_Material provided:_
________________________
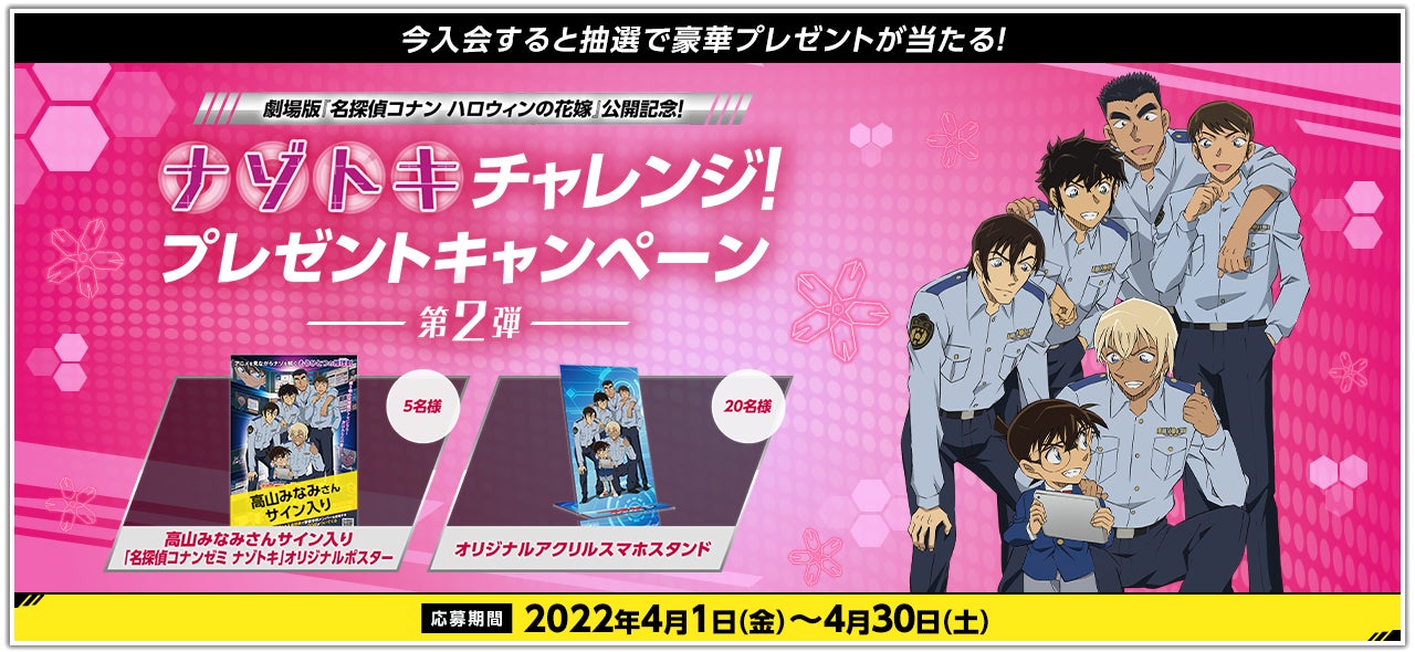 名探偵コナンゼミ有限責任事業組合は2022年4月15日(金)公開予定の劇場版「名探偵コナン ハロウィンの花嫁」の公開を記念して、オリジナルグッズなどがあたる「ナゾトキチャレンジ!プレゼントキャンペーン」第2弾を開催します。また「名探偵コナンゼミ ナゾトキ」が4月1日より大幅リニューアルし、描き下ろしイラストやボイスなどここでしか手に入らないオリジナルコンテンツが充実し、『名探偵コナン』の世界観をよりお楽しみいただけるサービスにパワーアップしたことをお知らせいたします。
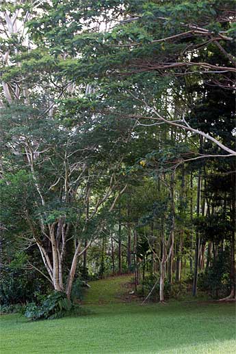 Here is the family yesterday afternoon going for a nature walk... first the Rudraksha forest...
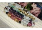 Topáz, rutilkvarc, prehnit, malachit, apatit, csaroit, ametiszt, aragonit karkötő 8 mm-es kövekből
________________________
_Your goal:_ Everything in the material except the pictures should be output verbatim.

_Answer area:_
 名探偵コナンゼミ有限責任事業組合は2022年4月15日(金)公開予定の劇場版「名探偵コナン ハロウィンの花嫁」の公開を記念して、オリジナルグッズなどがあたる「ナゾトキチャレンジ!プレゼントキャンペーン」第2弾を開催します。また「名探偵コナンゼミ ナゾトキ」が4月1日より大幅リニューアルし、描き下ろしイラストやボイスなどここでしか手に入らないオリジナルコンテンツが充実し、『名探偵コナン』の世界観をよりお楽しみいただけるサービスにパワーアップしたことをお知らせいたします。
 Here is the family yesterday afternoon going for a nature walk... first the Rudraksha forest...
 Topáz, rutilkvarc, prehnit, malachit, apatit, csaroit, ametiszt, aragonit karkötő 8 mm-es kövekből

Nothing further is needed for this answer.